Hi allcharlie, it is bizarre that other people can see what is going on for your daughter but the people with the power are unable to investigate further. Contrary to popular believe, I guess their main concern is keeping a family together.
How was your curry?? It sounded great!
Good luck today, have you been to the Department?
Hi Anna, no I havent been to the department - I am being chased to get some work out and I really dont have much option. I have rang SS and emailed them - Deputy Head of Social Services - also copied to my MP - useless sod that he is!!
I take your point about keeping a family together but if the children are at risk surely not? They have not asked me, the neighbours, other members of her family? These are organisations designed to protect the children and they are not doing it. My daughter clearly stated in from of exs family that she had been told what to say when SS interviewed her. Daughters uncle (like me) stated he has thght this would end in tragedy - and it still might!!
Curry was brill though. Self indulgent but really good - time for a lean day today!!!
Take care
Quick update - at this moment we are picking my dghtr up from school 2nite and she is coming to live here until an investigation takes place!! One step closer!!!

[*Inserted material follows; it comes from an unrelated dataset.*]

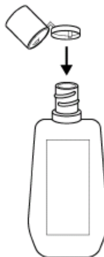
用内侧的突起按住薄膜, 用力压出一孔, 即可使用。
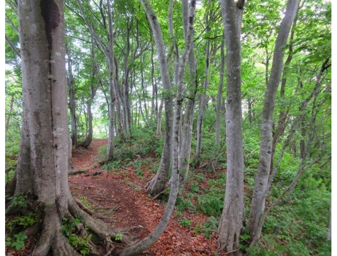
ガスが晴れてきて歩きやすい、新緑のブナ林の稜線歩き

allcharlie, that is fantastic news! Thank you for the update. She must have agreed to this. I am really pleased to hear it.

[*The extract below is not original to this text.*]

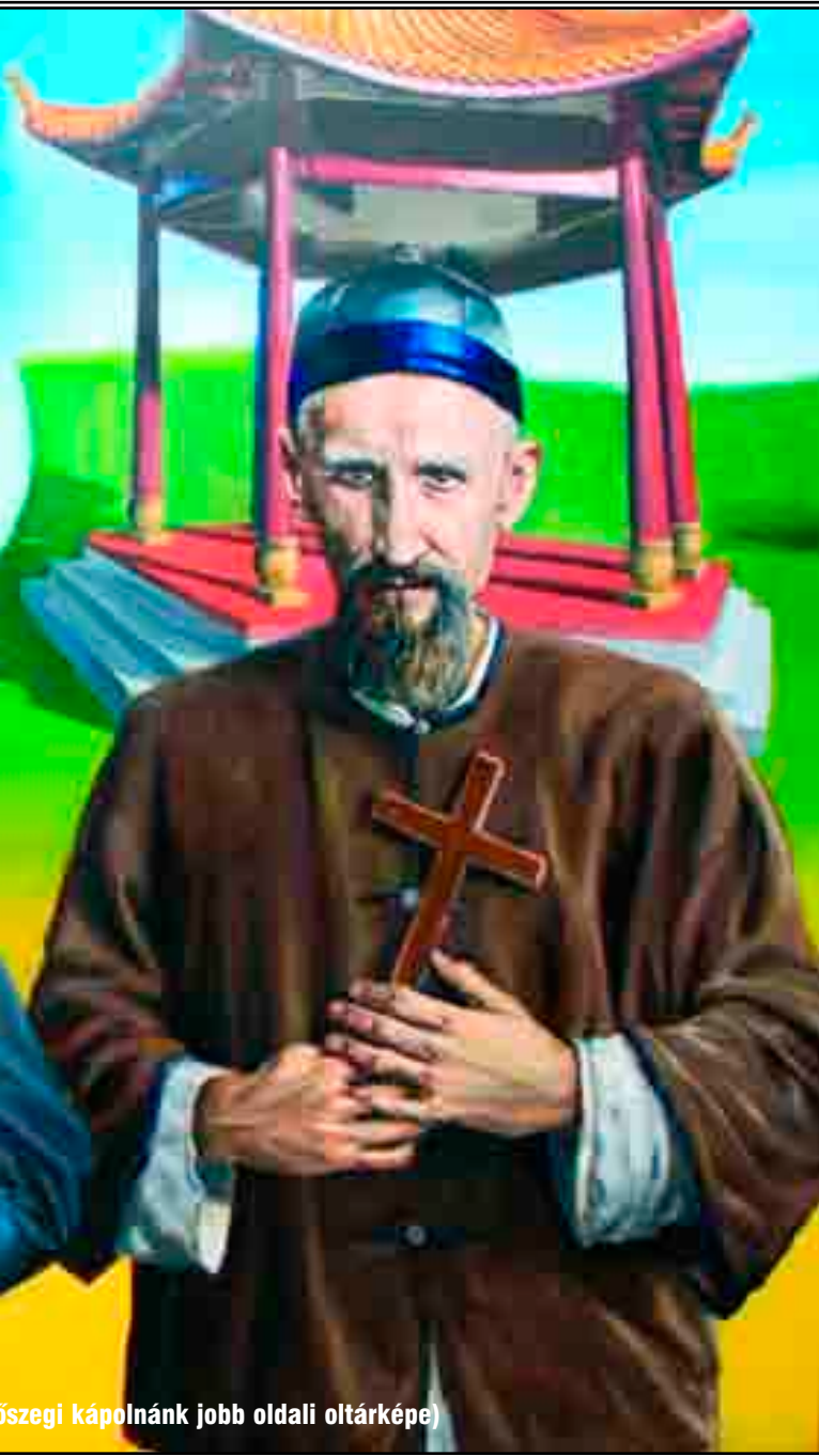
Őszegi kápolnánk jobb oldali oltárképe)

You sound pretty level headed, however don't bombard her with all the love and affection you have been dying to give her. She will need space and be feeling pretty confused I imagine.

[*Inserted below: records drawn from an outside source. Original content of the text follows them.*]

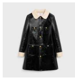
ペビードール バイカラーコート 税込 825,000 円
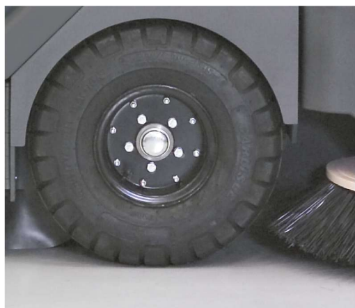
Sus grandes ruedas permiten un manejo suave.
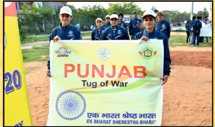
Part view of the Teams Players with Flag
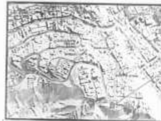
ALMACEN DE OBRA

La entrega del bien se dará en Almacén de obra (Calle 1 - Centro Poblado San Francisco- Provincia Mariscal Nieto, Moquegua. A una cuadra y media del Parque 1ro de mayo. La instalación del bien será en coordinación con residencia
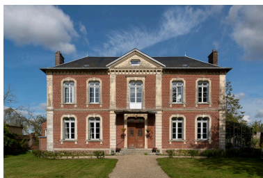
Vue générale du logis depuis le sud.
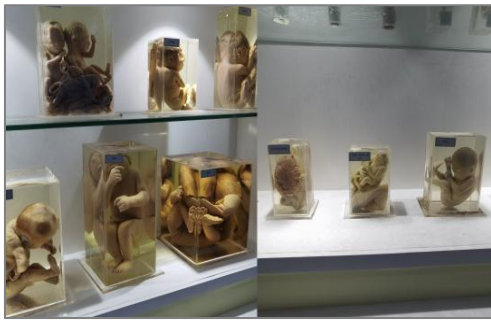
图6 医院捐赠的大体标本

为更好培养现代学徒制学生，更好的提升实践教学水平，解决新沂分院实训中心缺乏人体标本的问题，新沂市中医医院向新沂分院实训中心先后赠送了第三批病理标本，包含大体标本和病理切片，这份难得的资源为学生对于人体病理的认知提供了充分的物力保障。
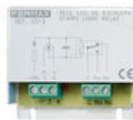
F02013 RELE FUNCIONES ADICIONALES

Oh I am so pleased for you both, I hope you will be able to start to rebuild some lost ground.
Hi Anna,
thanks for the leveller. off to pick her up from school shortly. yeah tendency would be to try and smother her with love but as I saw her Saturday and did most of that then (and saw how she reacted) then I hope I have realised to back off. The difficulty will be getting that balance between caring and smothering.
Better go and thanks again.
I think one of the most important things a parent can do is 'just chat and listen'. Let them express their views without butting in or trying to put them straight. Let them just talk, you will be surprised what they come out with.
A cup of tea and a chat on the sofa with no other interruptions, that shows them that you are interested, not judging and always have time for them.
Wishing you the best of luck with your new journey
aw really pleased for u, xx
Great news allcharlie hope your enjoying your evening with your daughter, let us now how it all goes?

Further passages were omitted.